PRIEST NO MORE. Rolando del Torchio now runs a pizza restaurant in Dapitan City. Photo by Gualberto Laput

DIPOLOG CITY, Philippines – As the world’s largest religion becomes leaderless on Thursday, February 28, a former priest who once worked with Pope Benedict XVI said his replacement should be young and strong enough to fight the “power struggle” within the Holy See (central government of the Catholic Church) and deal with the “filth” within the hierarchy.

“The Pope’s resignation was not about his health, it was not about his age. It’s all about power. The Pope was overwhelmed by the power struggle in the Vatican and its inability to rid the hierarchy of its disease, like pedophilia and corruption,” said Rolando del Torchio, former Italian missionary of the Pontifical Institute for Foreign Missions (PIME).

Del Torchio, who has kept in touch with friends in the Vatican, noted that what happens Thursday is “not just a matter of a simple transition of leadership.” He stressed: “The next pope is crucial, because he will be in a position to steer the Church, whether to its own revival or to its eventual collapse.”

The former PIME priest was born in the town of Angera, northern Italy, and ordained a priest in 1984. Under then Cardinal Joseph Ratzinger (Pope Benedict XVI), Del Torchio worked with the youths in Naples for 4 years. “I admire Cardinal Ratzinger because he was good, he was one of the 4 brains of Second Vatican Council (Vatican II 1962-1965) being its theological consultant when he was still a priest,” said Del Torchio, who is now running a pizza restaurant here. (He said the other 3 so-called brains of Vatican II were Cardinal Giovanni Battista Montini, who became Pope Paul VI; Bishop Albino Luciani, who became Pope John Paul I; and Bishop Karol Wojtyla, who became the most loved Pope John Paul II.)

Del Torchio explained that Vatican II opened the Catholic Church to the modern world in which the “church” is no longer confined to the hierarchy. “The people are the Church. In Vatican II, the hierarchy should no longer be closed, but closer to the people,” he stressed. 

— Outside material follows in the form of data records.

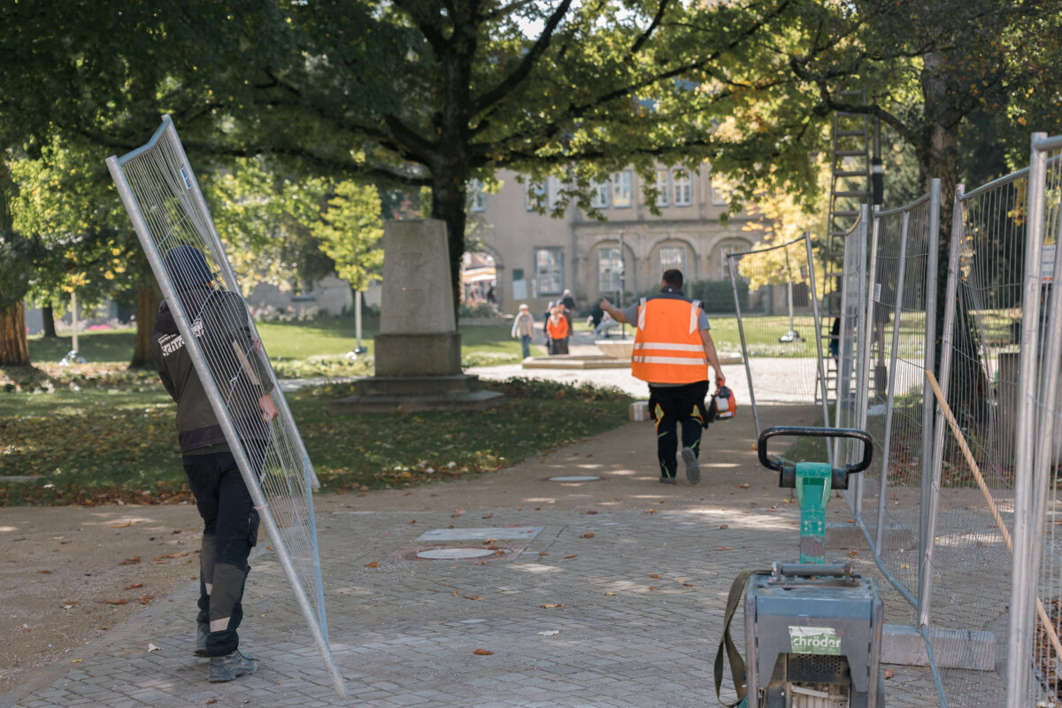 Gearbeitet wird weiter am künftigen Spielgerät nahe dem „Extrablatt“ sowie auf der westlichen Seite des Schloßplatzes in Richtung „Rotes Tor“/Theatervorplatz. Deshalb bleiben diese Teile des Geländes noch eingezäunt. Der Weg am Schloss entlang zum Rosental/Theater kann entsprechend noch nicht wieder genutzt werden, das fürstliche Residenzschloss ist aber erreichbar.
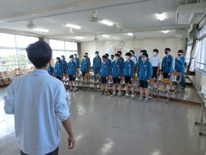 合唱コンの練習を全体で行っていました。練習の様子を見に来た学級担任が、日頃の練習の成果が出るよう、生徒たちに声をかけています。この1時間で成長につながる何かを得ようと、生徒も先生も必死です。
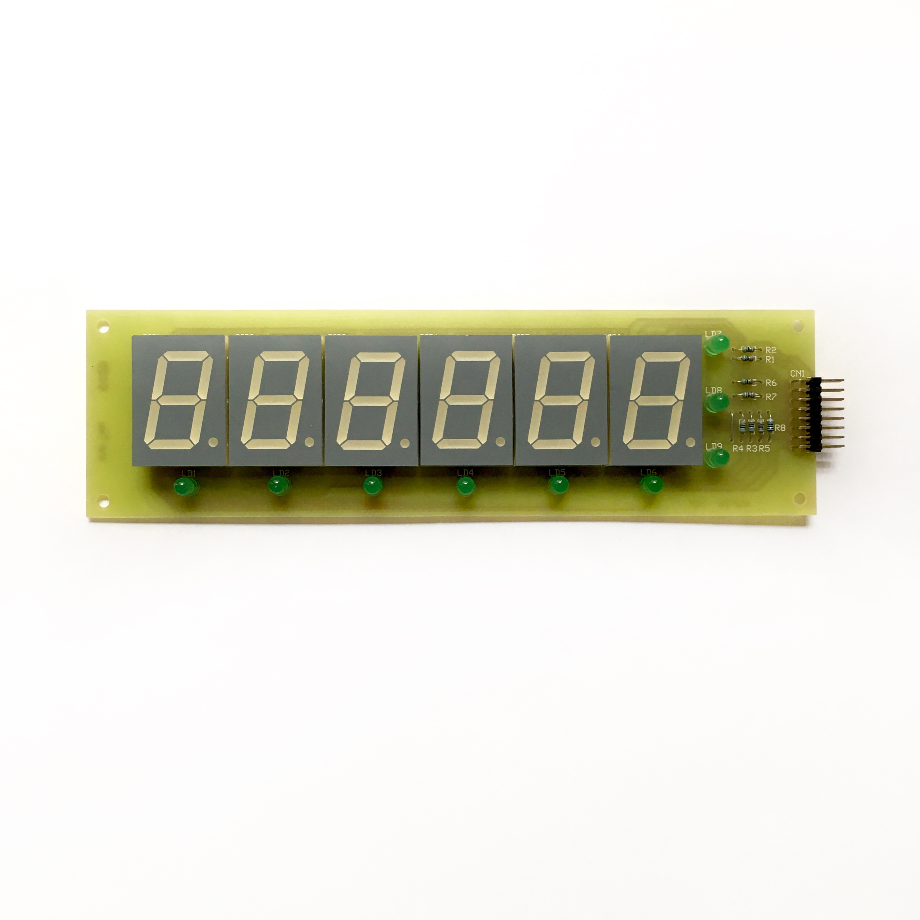 Display indicador de 6 dígitos LED 7-Segmentos de una pulgadas de altura mas nueve indicadores LED de 5mm de diámetro, ambos de color verde.
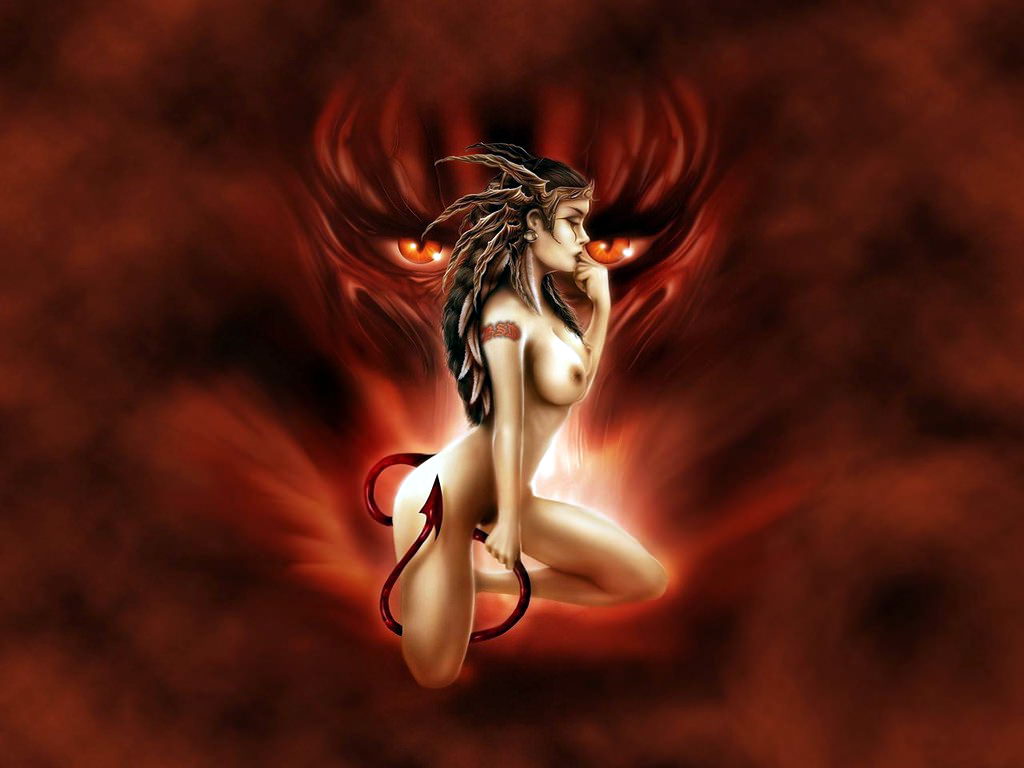 Приспешница дьявола, голая демонесса, обнаженная сексуальная девушка демон с хвостом под надзором дьявола, пламя, красные глаза.Приспешница, дьявола, голая, демонесса, обнаженная, сексуальная, девушка, демон, с, хвостом, под, надзором, дьявола, пламя, красные, глаза |
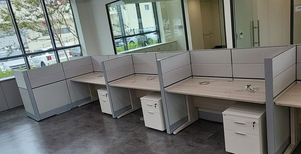 깔끔한 레이아웃: 사무실 인테리어를 해치지 않는 그레이/화이트 톤의 마감
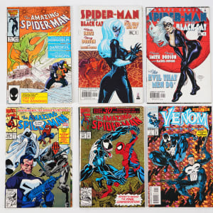 Copper Age classics come forth, with this 1980s-1990s Marvel Spider-Man comic book collection (33). Lots of great Amazing Spider-Man issues were published during this period, and this offering boasts several high-profile Copper Age books, including Amazing Spider-Man #300 with the first appearance of Venom, and #361 with the first appearance of Carnage. Backing up these alien Symbiote super-villains, are Todd McFarlane’s “Torment” arc, the stunning Black Cat, and a solo Venom book. Condition is favorable overall, with all but one issue reporting in FN to NM state.
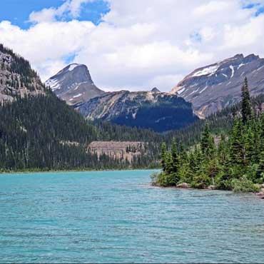 The trail head for Sherbrooke Lake in Yoho National Park begins just west of the Great Divide Lodge along the TransCanada Highway. You will travel through an old growth forest and part of an important wildlife corridor. This path has a consistent gentle ascent and crosses over the occasional plank bridge, eventually arriving at the very picturesque Sherbrooke Lake.

In 1988, Del Torchio was re-assigned in Muslim-dominated Sibuco town, Zamboanga del Norte, until 1996. He then moved to Dipolog and worked with a non-governmental organization helping farmers. 

But it was at this time that he asked for “dispensation” from priesthood – which was given to him in 1996 – because, he said, he “could no longer accept the moral authority of the Church.”

Disappointments

“I’m disappointed when I complain about corruption or about a church leader doing bad things, and the Church would just transfer him to another place. When I saw pedophilia, and the Church has no action, I’m frustrated,” the former missionary said.

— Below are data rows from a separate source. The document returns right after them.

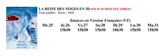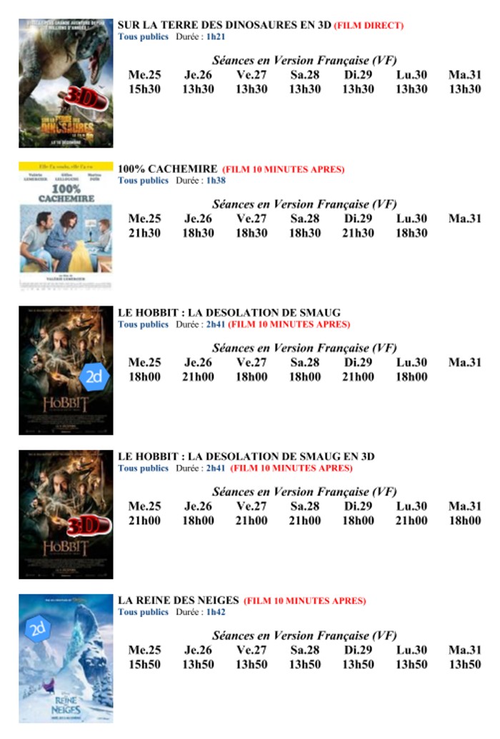A l'affiche, cette semaine (du 25 au 31 décembre 2013)
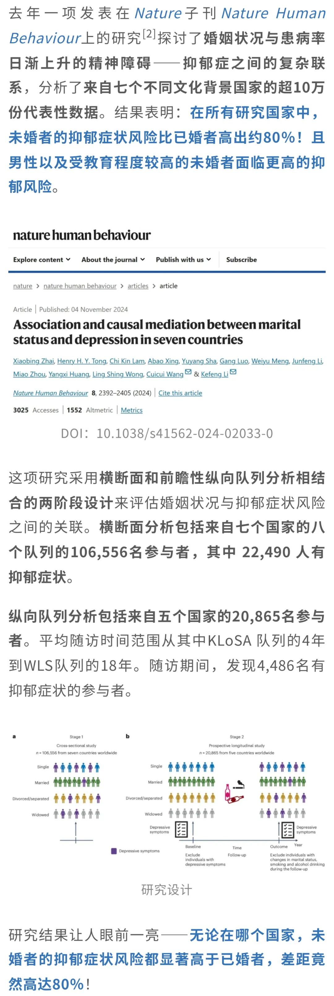 [2] Zhai, X., Tong, H.H.Y., Lam, C.K. et al. Association and causal mediation between marital status and depression in seven countries. Nat Hum Behav 8, 2392–2405 (2024). https://doi.org/10.1038/s41562-024-02033-0
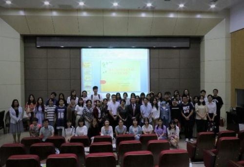山西翼老师演讲的题目是:生活中的日语及日本文化。他先从自己的名字入手,用幽默风趣的语言把大家的兴趣一下子激发起来,随后又从日本人的性格、生活习惯、文化习俗等各个方面对日本社会进行了详细的解读。
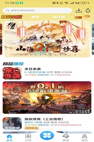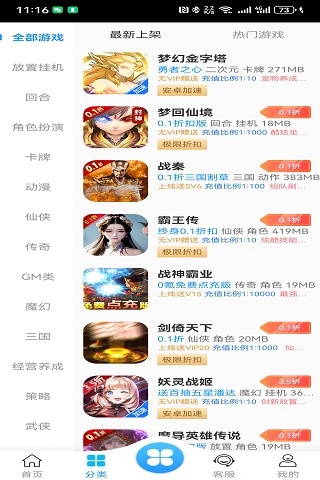 1、打开app后,你可以在分类界面中选择你感兴趣的游戏游玩

Del Torchio said a bishop or a priest should not consider himself a prince, and should lead his flock by example, not by words. 

Asked what prompted him to leave the priesthood, Del Torchio replied it was when a young man asked him for help to become a priest. 

HAPPY SELLING PIZZA. Former priest Rolando del Torchio in his restaurant in Dapitan City. Photo by Gualberto Laput

“I asked him why he would like to become a priest, and the young man said: gusto ko magpari aron mawala akong sala (I want to be a priest to redeem myself from my sin),” Del Torchio recalled.

Then a disclosure shocked the former priest. Del Torchio said the young man revealed he was sexually abused by a priest here in Dipolog, who said that “he was the sin because he has an attractive face.”

“I told the young man that being attractive is not a sin and that he was abused, which should be stopped even if that priest who abused him was supporting his studies,” Del Torchio said. “I sent him back home. That was the last time I saw him, I don’t know what happened to him. I hope he did not become a priest.” 

That encounter with the young man was Del Torchio’s turning point. “I told myself, it’s enough. I’m done. Something is very wrong. We can’t go on like this,” the former PIME priest said.

And he said that perhaps that was also what Pope Benedict XVI felt when he decided to renounce the papacy: “It’s enough. I’m done. Something is wrong. We can’t go on like this.”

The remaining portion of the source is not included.